PROBLEM:
Would you write out the entries that follow word for word, omitting any images?

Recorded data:
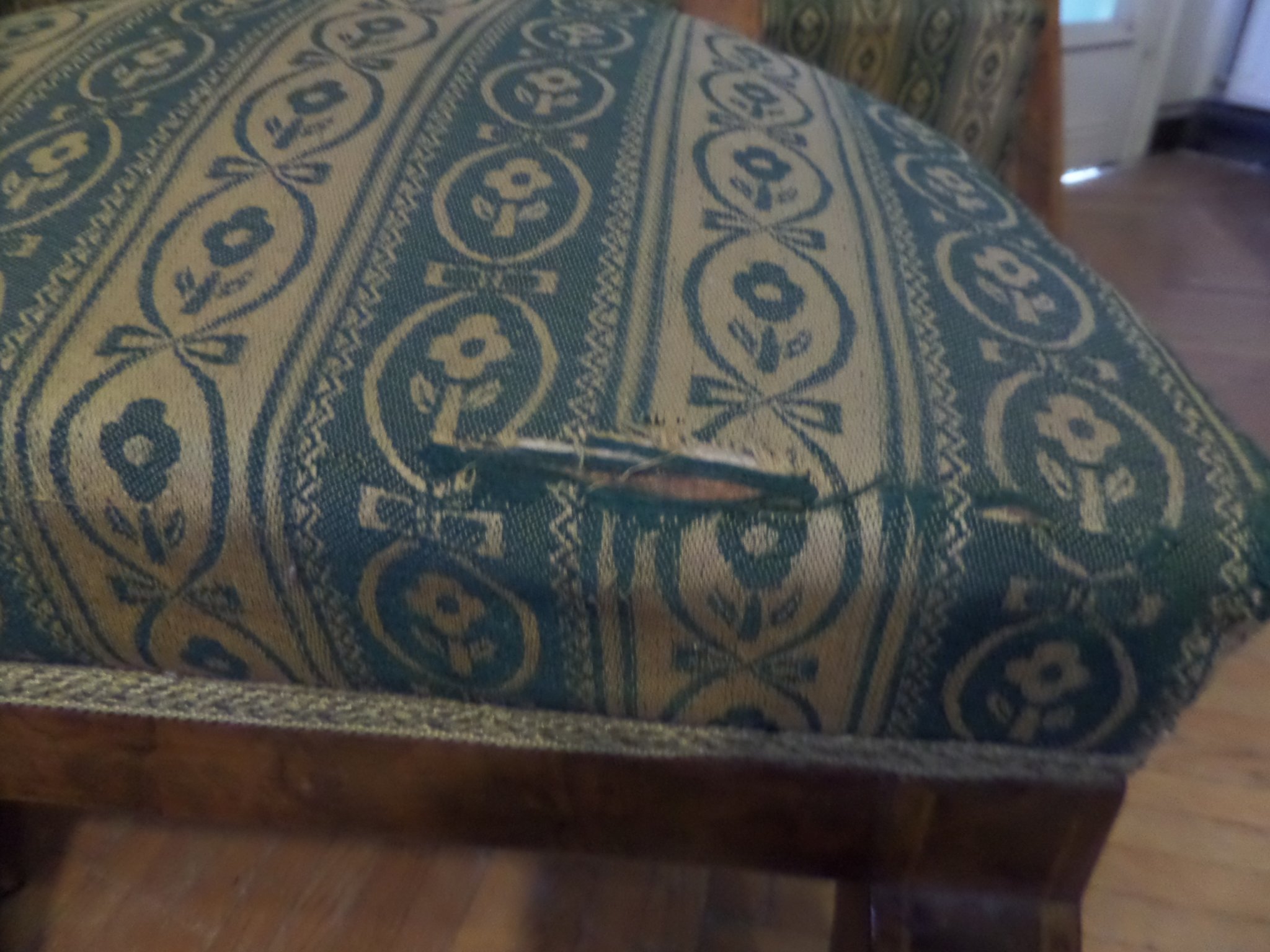 Biedermeier ülőgarnitúra, zöld-fehér népies virágos kárpitos, 6 db-os: 1 kanapé, 2 szék, 2 fotel, 1 asztal, Felújításra szorul. Méretei: kanapé: hossza 175 cm, magassága 105 cm, mélysége 75 cm asztal: lap 95x62 cm, magassága 76 cm, fotel: szélessége 78 cm, mélysége 67 cm, magassága 105 cm
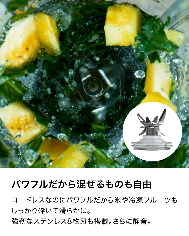 コードレスなのにパワフルだから角氷*1や冷凍フルーツもしっかり砕いてなめらかに。強靭なステンレス8枚刃を搭載
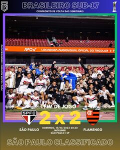 Em partida disputada na noite deste domingo (15/10), SÃO PAULO e FLAMENGO empataram em 2 a 2, confronto de volta das semifinais do Campeonato Brasileiro Sub-17, no Estádio Morumbi, em São Paulo/SP.
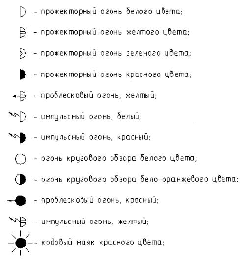 Рис. 7.17. Схема расстановки прожекторов Условные обозначения светосигнального оборудования
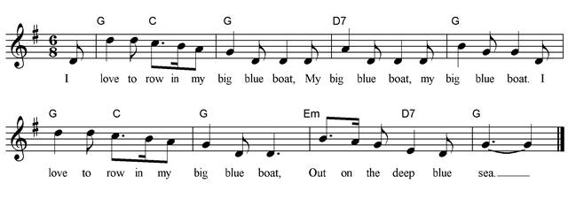 I love to row in my big blue boat, My big blue boat, my big blue boat. I love to row in my big blue boat, Out on the deep blue sea. My big blue boat has two red sails, Two red sails, two red sails, My big blue boat has two red sails, Out on the deep blue sea. My big blue boat goes up and down, Up and down, up and down, My big blue boat goes up and down, Out on the deep blue sea. My big blue boat goes from side to side, Side to side, side to side, My big blue boat goes from side to side, Out on the deep blue sea. So come with me in my big blue boat, My big blue boat, my big blue boat. So come with me in my big blue boat, Out on the deep blue sea. We’ll catch a fish in my big blue boat, My big blue boat, my big blue boat. We’ll catch a fish in my big blue boat, And take it home for tea! |
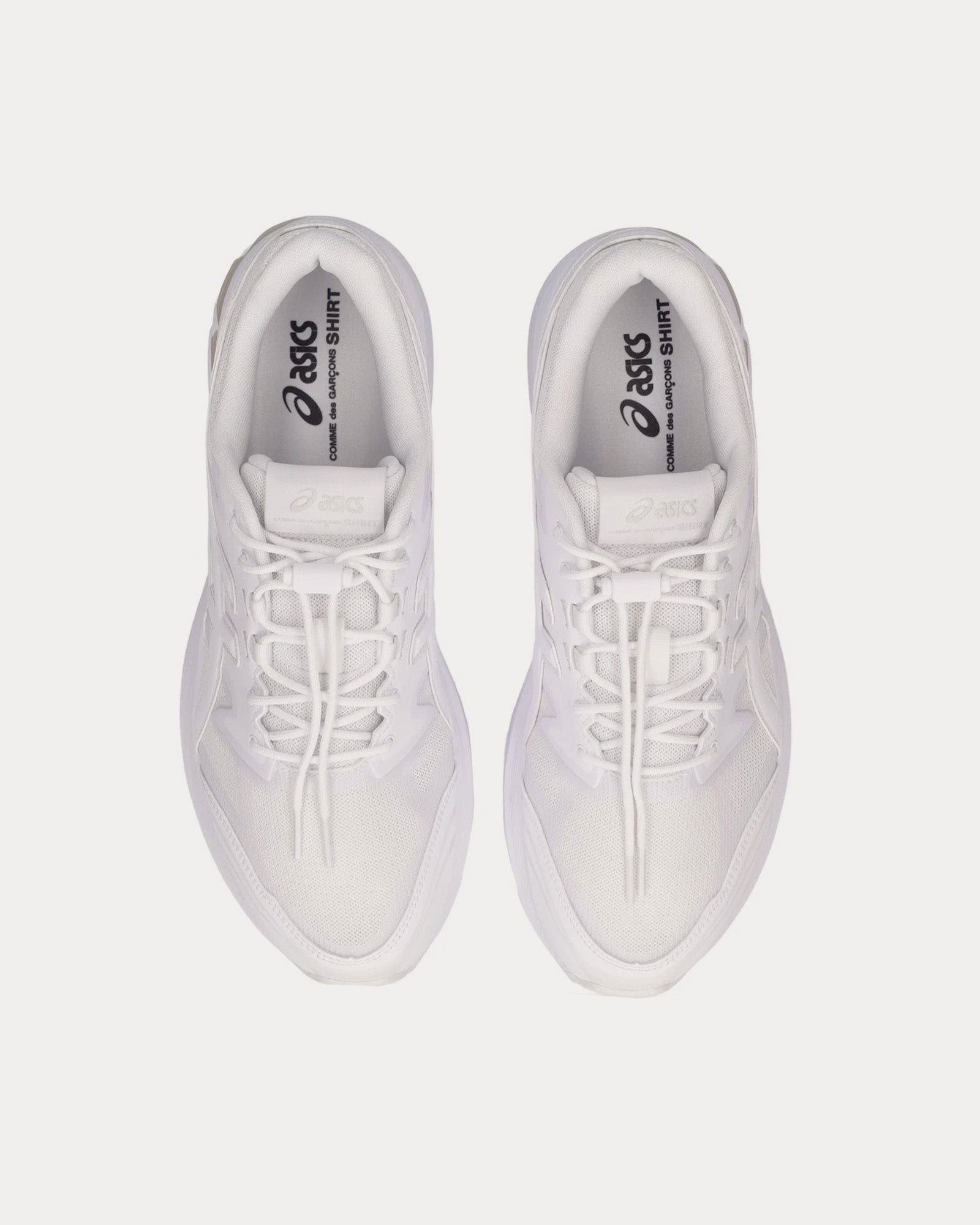 The unisex Asics x COMME des GARÇONS SHIRTGel-Terrain low top sneakers in white are based on trail-running sportstyle designs and feature synthetic leather uppers, panels with targeted support, rearfoot GEL™ technology, and a trail-specific traction pattern.
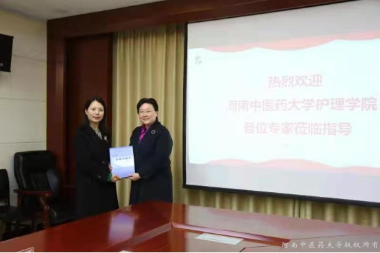 荫晴主任汇报医院实习管理和临床带教工作之前,先推介了医院专门录制的“5.12护士节专题宣传片”,视频中记录了医院领导对护理团队的支持和关怀,展示了护理工作者在各个岗位上温馨、严谨、精彩、忙碌的工作场景,充分展现了附院护理人“团结奋进、敬业奉献、守正创新、追求卓越”的护理文化理念。秦元梅副院长带领教学办老师查看了护理部的带教计划和相关资料,并赠送了学院正在使用的护理专业“十四五”规划教材。
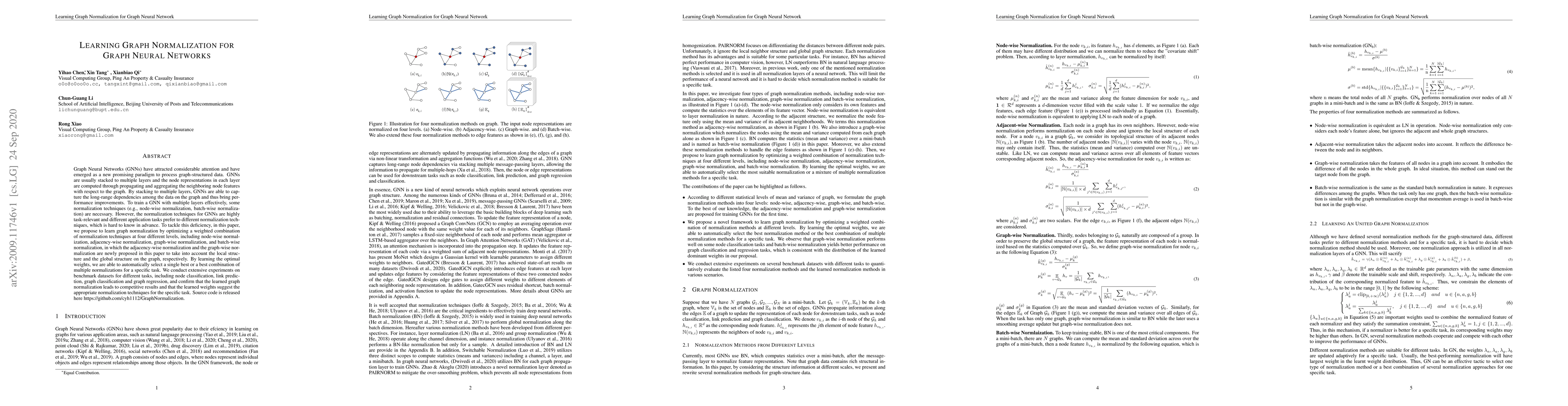 Graph Neural Networks (GNNs) have attracted considerable attention and have emerged as a new promising paradigm to process graph-structured data. GNNs are usually stacked to multiple layers and the node representations in each layer are computed through propagating and aggregating the neighboring node features with respect to the graph. By stacking to multiple layers, GNNs are able to capture the long-range dependencies among the data on the graph and thus bring performance improvements. To train a GNN with multiple layers effectively, some normalization techniques (e.g., node-wise normalization, batch-wise normalization) are necessary. However, the normalization techniques for GNNs are highly task-relevant and different application tasks prefer to different normalization techniques, which is hard to know in advance. To tackle this deficiency, in this paper, we propose to learn graph normalization by optimizing a weighted combination of normalization techniques at four different levels, including node-wise normalization, adjacency-wise normalization, graph-wise normalization, and batch-wise normalization, in which the adjacency-wise normalization and the graph-wise normalization are newly proposed in this paper to take into account the local structure and the global structure on the graph, respectively. By learning the optimal weights, we are able to automatically select a single best or a best combination of multiple normalizations for a specific task. We conduct extensive experiments on benchmark datasets for different tasks, including node classification, link prediction, graph classification and graph regression, and confirm that the learned graph normalization leads to competitive results and that the learned weights suggest the appropriate normalization techniques for the specific task. Source code is released here https://github.com/cyh1112/GraphNormalization.
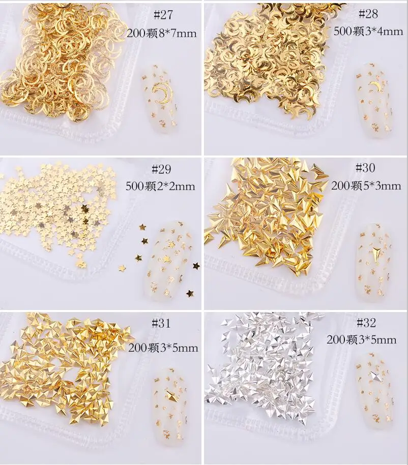 500200 шт. металлические заклепки для дизайна ногтей 3D Diy Полые гвоздики для нейл-арта (C12-C67) Звезда Луна тонкие тусклые полированные заклепки наклейки, JTY474
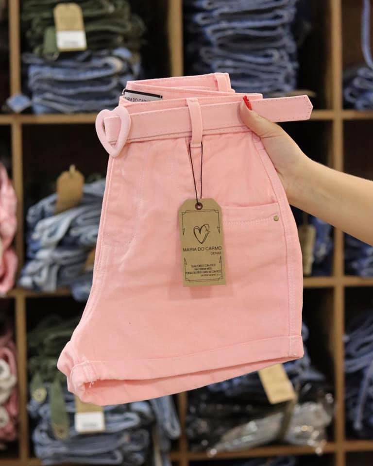 Short Mom Rosa, Jeans 100% acompanha o cinto .
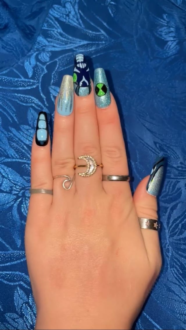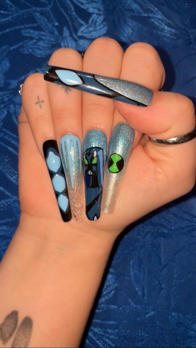 I love Ben 10, so my sister who’s a nail artist made me nails of my favorite alien, Big Chill. She’s self taught, so it’s amazing seeing how much progress she’s made over the years! by amaangel
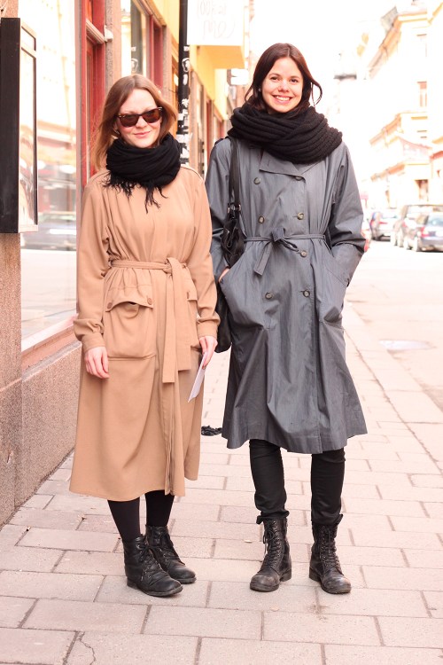 Frida (left) wears a coat by Rodebjer and boots from Grandpa. Julia (right) wears a vintage mac with boots from Vagabond
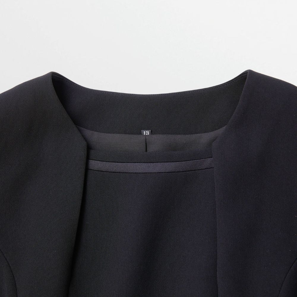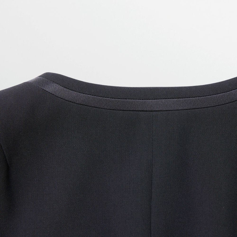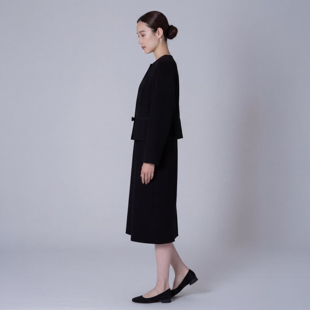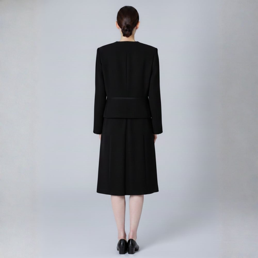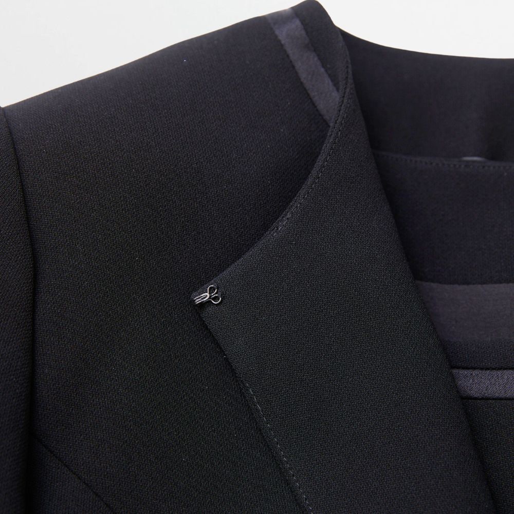 上品なノーカラーで洗練されたフォーマルスタイルを
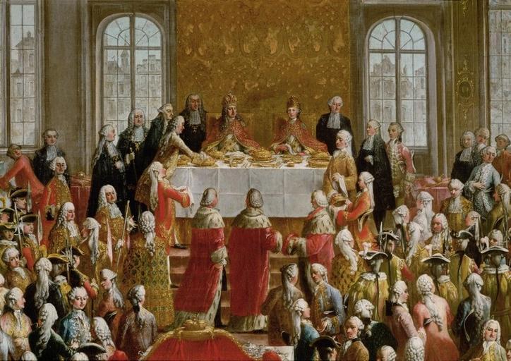 Keywords: Coronation Banquet of Joseph II in Frankfurt (detail).jpg School of Coronation Banquet for the Holy Roman Emperor Joseph II in Frankfurt 1764 de Krönungsmahl Josephs II in Frankfurt am Main > 1764 Oil on canvas Institution Schönbrunn Palace http //text habsburger net/module/die-oeffentliche-tafel-2013-ein-augenschmaus-fuer-die-menge/die-oeffentliche-tafel/MB-ST_R1-MOD6-04 jpg/ size preview plus 1 other versions <gallery>File Krönungsmahl Joseph II jpg</gallery> PD-old-100 Martin van Meytens Paintings in the Palace of Schönbrunn Coronation of Joseph II Holy Roman Emperor Paintings of Joseph II Holy Roman Emperor 18th-century oil on canvas paintings in Austria Paintings of banquets Coronation meals Details of paintings Haus zum Römer Paintings by Martin van Meytens with fur Ermine clothing in art |
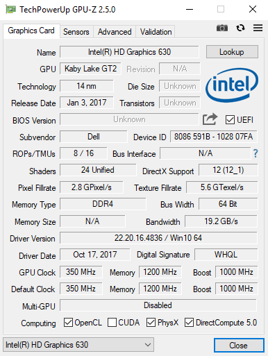 Unser Testgerät bietet einen preisgünstigen Einstieg in die Welt der Gaming-Laptops. Als Basis dient ein Intel Core i5-7300HQ sowie 8 GB DDR4-RAM. Dieser arbeitet im Single-Channel-Modus, kann aber mit einem zweiten RAM-Modul problemlos erweitert werden. Die 3D-Berechnungen übernimmt die GTX 1050 von Nvidia mit ihren eigenen 4 GB GDDR5-VRAM sowie Optimus Unterstützung. Damit hat Dell eine solide Basis geschaffen.

RESPONSE TO THIS EXERCISE:
 Biedermeier ülőgarnitúra, zöld-fehér népies virágos kárpitos, 6 db-os: 1 kanapé, 2 szék, 2 fotel, 1 asztal, Felújításra szorul. Méretei: kanapé: hossza 175 cm, magassága 105 cm, mélysége 75 cm asztal: lap 95x62 cm, magassága 76 cm, fotel: szélessége 78 cm, mélysége 67 cm, magassága 105 cm
 コードレスなのにパワフルだから角氷*1や冷凍フルーツもしっかり砕いてなめらかに。強靭なステンレス8枚刃を搭載
 Em partida disputada na noite deste domingo (15/10), SÃO PAULO e FLAMENGO empataram em 2 a 2, confronto de volta das semifinais do Campeonato Brasileiro Sub-17, no Estádio Morumbi, em São Paulo/SP.
 Рис. 7.17. Схема расстановки прожекторов Условные обозначения светосигнального оборудования
 I love to row in my big blue boat, My big blue boat, my big blue boat. I love to row in my big blue boat, Out on the deep blue sea. My big blue boat has two red sails, Two red sails, two red sails, My big blue boat has two red sails, Out on the deep blue sea. My big blue boat goes up and down, Up and down, up and down, My big blue boat goes up and down, Out on the deep blue sea. My big blue boat goes from side to side, Side to side, side to side, My big blue boat goes from side to side, Out on the deep blue sea. So come with me in my big blue boat, My big blue boat, my big blue boat. So come with me in my big blue boat, Out on the deep blue sea. We’ll catch a fish in my big blue boat, My big blue boat, my big blue boat. We’ll catch a fish in my big blue boat, And take it home for tea! |
 The unisex Asics x COMME des GARÇONS SHIRTGel-Terrain low top sneakers in white are based on trail-running sportstyle designs and feature synthetic leather uppers, panels with targeted support, rearfoot GEL™ technology, and a trail-specific traction pattern.
 荫晴主任汇报医院实习管理和临床带教工作之前,先推介了医院专门录制的“5.12护士节专题宣传片”,视频中记录了医院领导对护理团队的支持和关怀,展示了护理工作者在各个岗位上温馨、严谨、精彩、忙碌的工作场景,充分展现了附院护理人“团结奋进、敬业奉献、守正创新、追求卓越”的护理文化理念。秦元梅副院长带领教学办老师查看了护理部的带教计划和相关资料,并赠送了学院正在使用的护理专业“十四五”规划教材。
 Graph Neural Networks (GNNs) have attracted considerable attention and have emerged as a new promising paradigm to process graph-structured data. GNNs are usually stacked to multiple layers and the node representations in each layer are computed through propagating and aggregating the neighboring node features with respect to the graph. By stacking to multiple layers, GNNs are able to capture the long-range dependencies among the data on the graph and thus bring performance improvements. To train a GNN with multiple layers effectively, some normalization techniques (e.g., node-wise normalization, batch-wise normalization) are necessary. However, the normalization techniques for GNNs are highly task-relevant and different application tasks prefer to different normalization techniques, which is hard to know in advance. To tackle this deficiency, in this paper, we propose to learn graph normalization by optimizing a weighted combination of normalization techniques at four different levels, including node-wise normalization, adjacency-wise normalization, graph-wise normalization, and batch-wise normalization, in which the adjacency-wise normalization and the graph-wise normalization are newly proposed in this paper to take into account the local structure and the global structure on the graph, respectively. By learning the optimal weights, we are able to automatically select a single best or a best combination of multiple normalizations for a specific task. We conduct extensive experiments on benchmark datasets for different tasks, including node classification, link prediction, graph classification and graph regression, and confirm that the learned graph normalization leads to competitive results and that the learned weights suggest the appropriate normalization techniques for the specific task. Source code is released here https://github.com/cyh1112/GraphNormalization.
 500200 шт. металлические заклепки для дизайна ногтей 3D Diy Полые гвоздики для нейл-арта (C12-C67) Звезда Луна тонкие тусклые полированные заклепки наклейки, JTY474
 Short Mom Rosa, Jeans 100% acompanha o cinto .
 I love Ben 10, so my sister who’s a nail artist made me nails of my favorite alien, Big Chill. She’s self taught, so it’s amazing seeing how much progress she’s made over the years! by amaangel
 Frida (left) wears a coat by Rodebjer and boots from Grandpa. Julia (right) wears a vintage mac with boots from Vagabond
 上品なノーカラーで洗練されたフォーマルスタイルを
 Keywords: Coronation Banquet of Joseph II in Frankfurt (detail).jpg School of Coronation Banquet for the Holy Roman Emperor Joseph II in Frankfurt 1764 de Krönungsmahl Josephs II in Frankfurt am Main > 1764 Oil on canvas Institution Schönbrunn Palace http //text habsburger net/module/die-oeffentliche-tafel-2013-ein-augenschmaus-fuer-die-menge/die-oeffentliche-tafel/MB-ST_R1-MOD6-04 jpg/ size preview plus 1 other versions <gallery>File Krönungsmahl Joseph II jpg</gallery> PD-old-100 Martin van Meytens Paintings in the Palace of Schönbrunn Coronation of Joseph II Holy Roman Emperor Paintings of Joseph II Holy Roman Emperor 18th-century oil on canvas paintings in Austria Paintings of banquets Coronation meals Details of paintings Haus zum Römer Paintings by Martin van Meytens with fur Ermine clothing in art |
 Unser Testgerät bietet einen preisgünstigen Einstieg in die Welt der Gaming-Laptops. Als Basis dient ein Intel Core i5-7300HQ sowie 8 GB DDR4-RAM. Dieser arbeitet im Single-Channel-Modus, kann aber mit einem zweiten RAM-Modul problemlos erweitert werden. Die 3D-Berechnungen übernimmt die GTX 1050 von Nvidia mit ihren eigenen 4 GB GDDR5-VRAM sowie Optimus Unterstützung. Damit hat Dell eine solide Basis geschaffen.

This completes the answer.